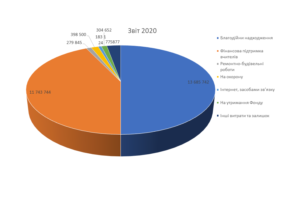 За звітний період надходження благодійних внесків становить 13 685 742 грн. У 2020 році значна частина коштів, а саме 86 % від надходження благодійних внесків, пішла на забезпечення фінансової підтримки вчителів, вихователів та адміністративно-господарського персоналу.
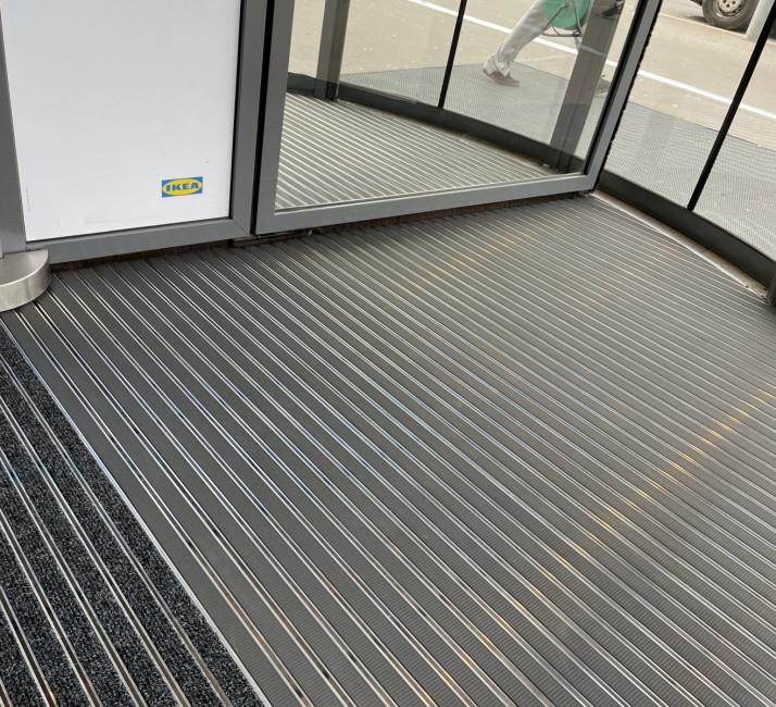 Sa structure combine des profilés en aluminium anodisé et des inserts en caoutchouc strié, offrant une solution fiable pour le nettoyage intensif des semelles dès l’entrée du bâtiment.
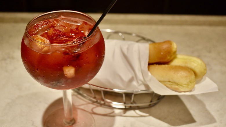 Olive Garden's chosen rum — Bacardi Silver — takes center stage in this drink's flavor profile, providing notes of almonds and lime that pair exceptionally well with the tropical strawberry-passion fruit purée it's mixed with. It is quite a pronounced flavor, however, meaning that anyone who is not especially fond of rum should probably opt for a different cocktail altogether. It is also one of the sweeter drinks on Olive Garden's cocktail list, which will certainly factor into some guests' drink choices. We also must give the drink huge creativity props for the seemingly-simple addition of amaretto, which lends the rum punch its delightfully Italian vibe and pairs it well with just about any dish on the menu. Priced at just $7.00, the Italian rum punch is an excellent value for money, offering guests a generous pour of alcohol, and a creative blend of tropical and Italian flavors that will have rum lovers begging for a second round.
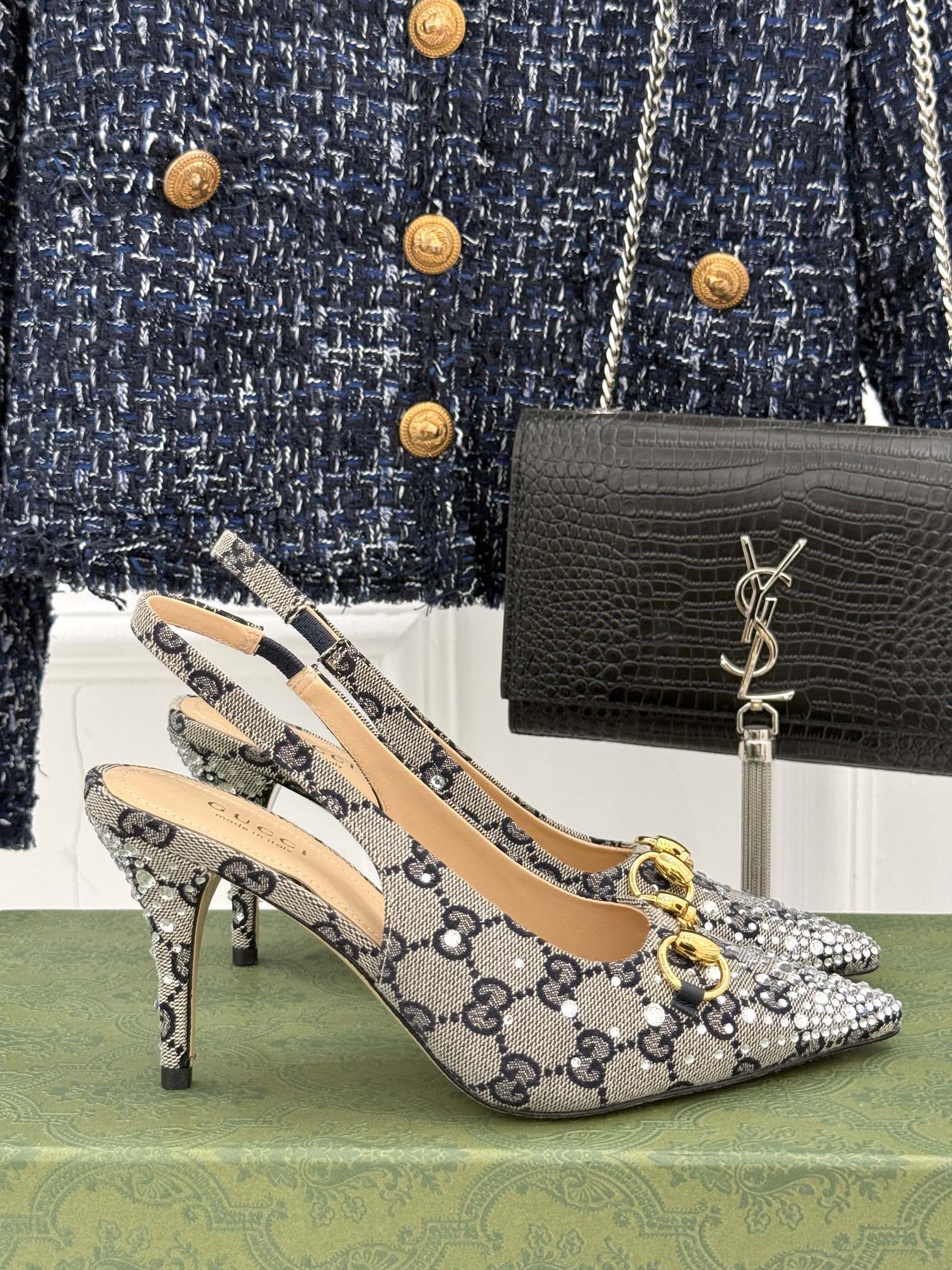 GG Horsebit Slingback 85MM Beige Black Monogram Canvas Point Toe Crystal-Embellished
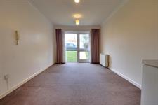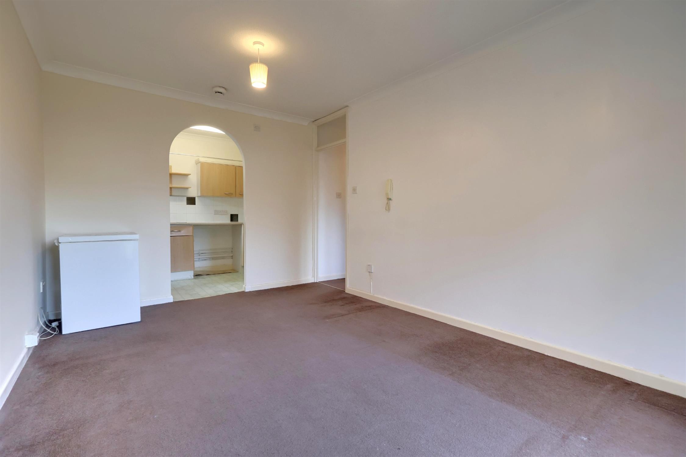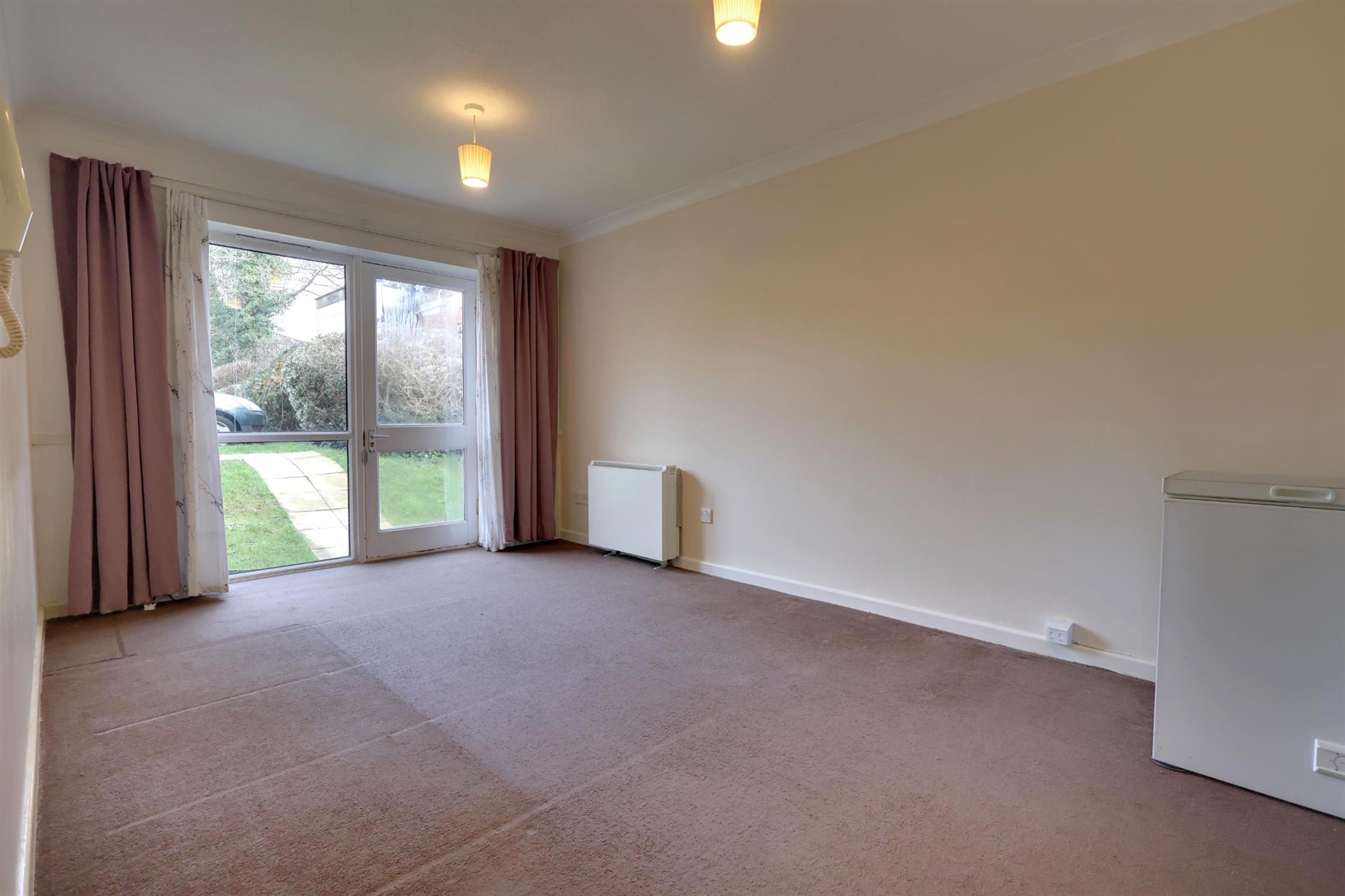 Living / Dining RoomCarpeted flooring, electric storage heaters, double-glazed door and window to front aspect.
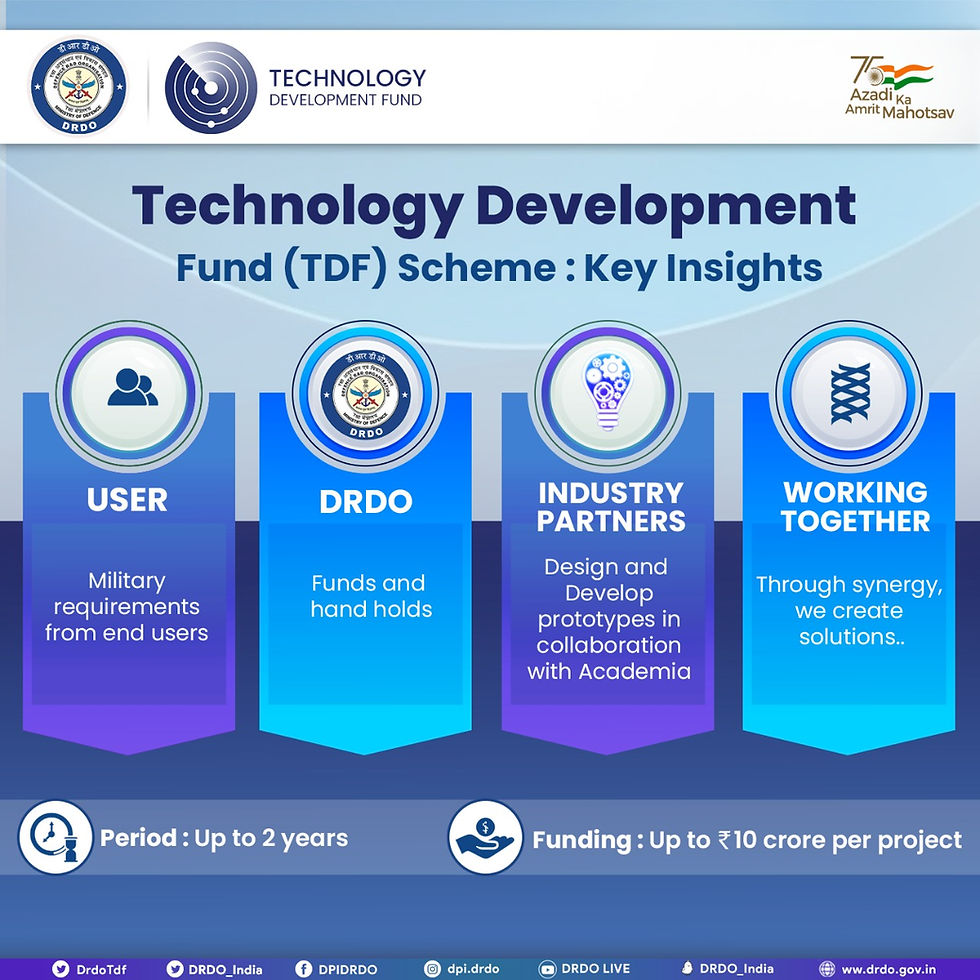 - ਹਾਲ ਹੀ ਵਿੱਚ, ਰੱਖਿਆ ਖੋਜ ਅਤੇ ਵਿਕਾਸ ਸੰਗਠਨ ਨੇ ਤਕਨਾਲੋਜੀ ਵਿਕਾਸ ਫੰਡ (TDF) ਸਕੀਮ ਅਧੀਨ ਵਿਕਸਤ ਸੱਤ ਤਕਨਾਲੋਜੀਆਂ ਹਥਿਆਰਬੰਦ ਬਲਾਂ ਨੂੰ ਸੌਂਪੀਆਂ ਹਨ।
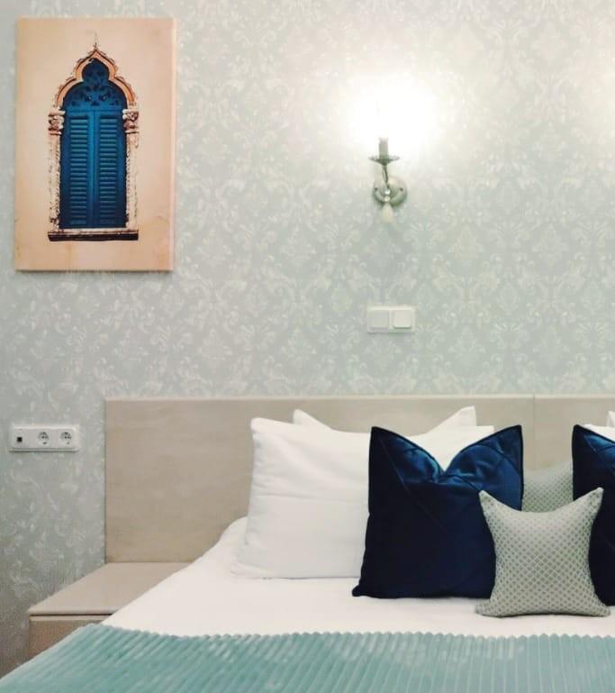 #103 "Colorito Green" - так называется эта комната. В Венеции, колорито, «окраска» — это не только цвет, но и его разумное применение — считалась основополагающей для понимания окрашенных образов, заряженных взглядом жизни с тонким богатством Венецианского колорита. Комната с высокими потолками стилизована под атмосферу венецианской романтики. В комнате одна очень большая двуспальная кровать размера king-size. Из окон открывается вид на классический питерский дворик. На окнах москитные сетки и устройство для микровентиляции. Собственная комфортная ванная комната с душем. Предоставляются полотенца, тапочки, фен, гель для душа, шампунь, кондиционер, антибактериальное средство для рук, халаты (по запросу). В комнате есть холодильник, телевизор, много розеток, сушилка для обуви, сушилка на батарею. Мобильный складной столик для ноутбука (по запросу). В общей зоне: стиральная машина, микроволновая печь, кофеварка, чайник, чай, кофе, питьевая вода, гладильная доска, утюг. Бесплатный Wi-Fi.
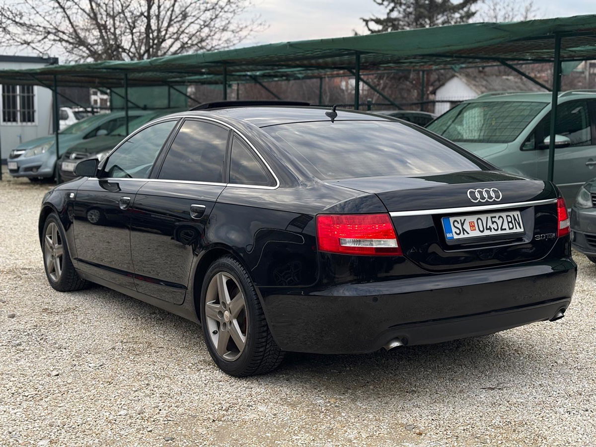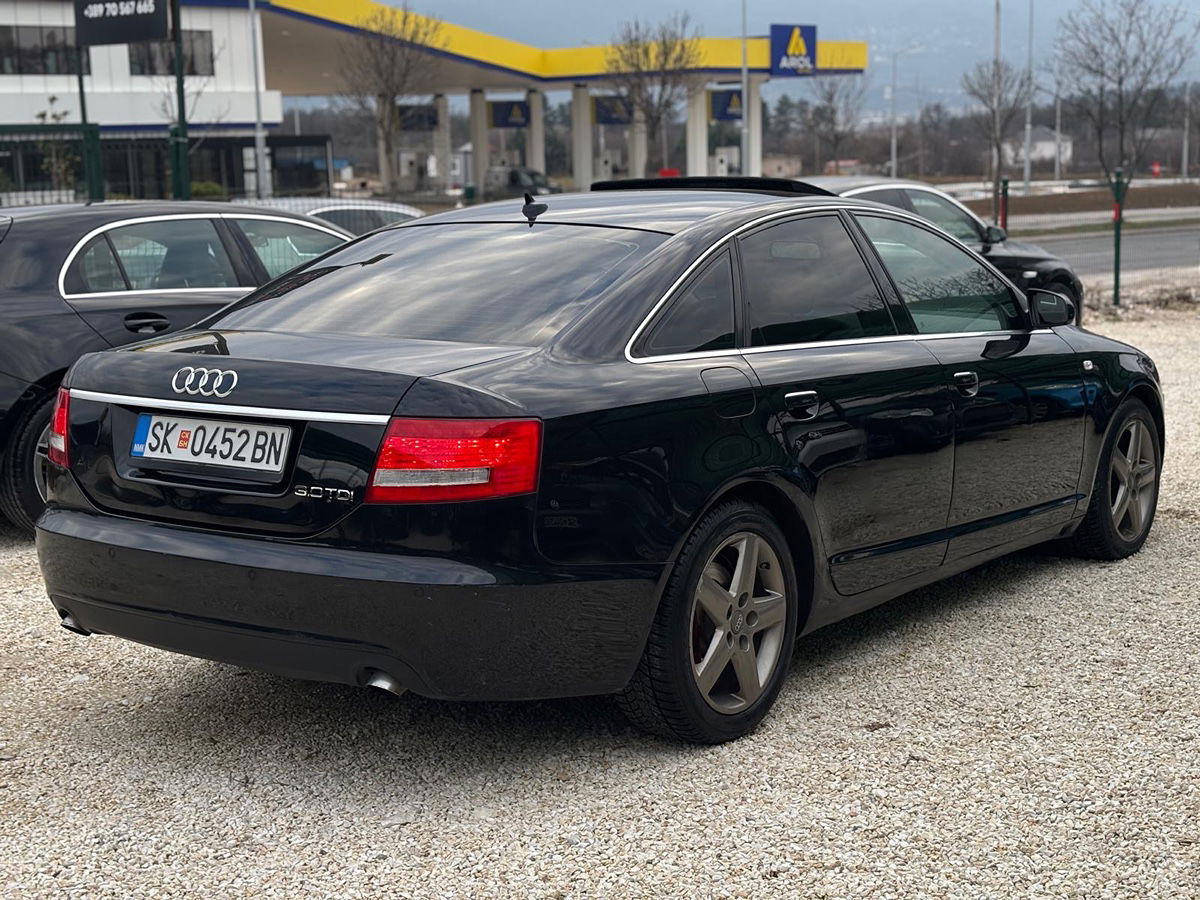 Audi A6 3.0 TDI 224 КС, модел 2007, автоматик. Регистриран и редовно сервисирано, со зимски гуми и максимално зачувано. Со целосна опрема: команди на волан, темпомат, шибер, двозонска клима, кожни седишта, Bi-Xenon светла и color борд компјутер. Моќно и комфорно возило подготвено за користење.

++++++++++++++++++++

Would you reproduce the listing above exactly, without any of its images?

- [SOLUTION TO THIS TASK]:
 За звітний період надходження благодійних внесків становить 13 685 742 грн. У 2020 році значна частина коштів, а саме 86 % від надходження благодійних внесків, пішла на забезпечення фінансової підтримки вчителів, вихователів та адміністративно-господарського персоналу.
 Sa structure combine des profilés en aluminium anodisé et des inserts en caoutchouc strié, offrant une solution fiable pour le nettoyage intensif des semelles dès l’entrée du bâtiment.
 Olive Garden's chosen rum — Bacardi Silver — takes center stage in this drink's flavor profile, providing notes of almonds and lime that pair exceptionally well with the tropical strawberry-passion fruit purée it's mixed with. It is quite a pronounced flavor, however, meaning that anyone who is not especially fond of rum should probably opt for a different cocktail altogether. It is also one of the sweeter drinks on Olive Garden's cocktail list, which will certainly factor into some guests' drink choices. We also must give the drink huge creativity props for the seemingly-simple addition of amaretto, which lends the rum punch its delightfully Italian vibe and pairs it well with just about any dish on the menu. Priced at just $7.00, the Italian rum punch is an excellent value for money, offering guests a generous pour of alcohol, and a creative blend of tropical and Italian flavors that will have rum lovers begging for a second round.
 GG Horsebit Slingback 85MM Beige Black Monogram Canvas Point Toe Crystal-Embellished
 Living / Dining RoomCarpeted flooring, electric storage heaters, double-glazed door and window to front aspect.
 - ਹਾਲ ਹੀ ਵਿੱਚ, ਰੱਖਿਆ ਖੋਜ ਅਤੇ ਵਿਕਾਸ ਸੰਗਠਨ ਨੇ ਤਕਨਾਲੋਜੀ ਵਿਕਾਸ ਫੰਡ (TDF) ਸਕੀਮ ਅਧੀਨ ਵਿਕਸਤ ਸੱਤ ਤਕਨਾਲੋਜੀਆਂ ਹਥਿਆਰਬੰਦ ਬਲਾਂ ਨੂੰ ਸੌਂਪੀਆਂ ਹਨ।
 #103 "Colorito Green" - так называется эта комната. В Венеции, колорито, «окраска» — это не только цвет, но и его разумное применение — считалась основополагающей для понимания окрашенных образов, заряженных взглядом жизни с тонким богатством Венецианского колорита. Комната с высокими потолками стилизована под атмосферу венецианской романтики. В комнате одна очень большая двуспальная кровать размера king-size. Из окон открывается вид на классический питерский дворик. На окнах москитные сетки и устройство для микровентиляции. Собственная комфортная ванная комната с душем. Предоставляются полотенца, тапочки, фен, гель для душа, шампунь, кондиционер, антибактериальное средство для рук, халаты (по запросу). В комнате есть холодильник, телевизор, много розеток, сушилка для обуви, сушилка на батарею. Мобильный складной столик для ноутбука (по запросу). В общей зоне: стиральная машина, микроволновая печь, кофеварка, чайник, чай, кофе, питьевая вода, гладильная доска, утюг. Бесплатный Wi-Fi.
 Audi A6 3.0 TDI 224 КС, модел 2007, автоматик. Регистриран и редовно сервисирано, со зимски гуми и максимално зачувано. Со целосна опрема: команди на волан, темпомат, шибер, двозонска клима, кожни седишта, Bi-Xenon светла и color борд компјутер. Моќно и комфорно возило подготвено за користење.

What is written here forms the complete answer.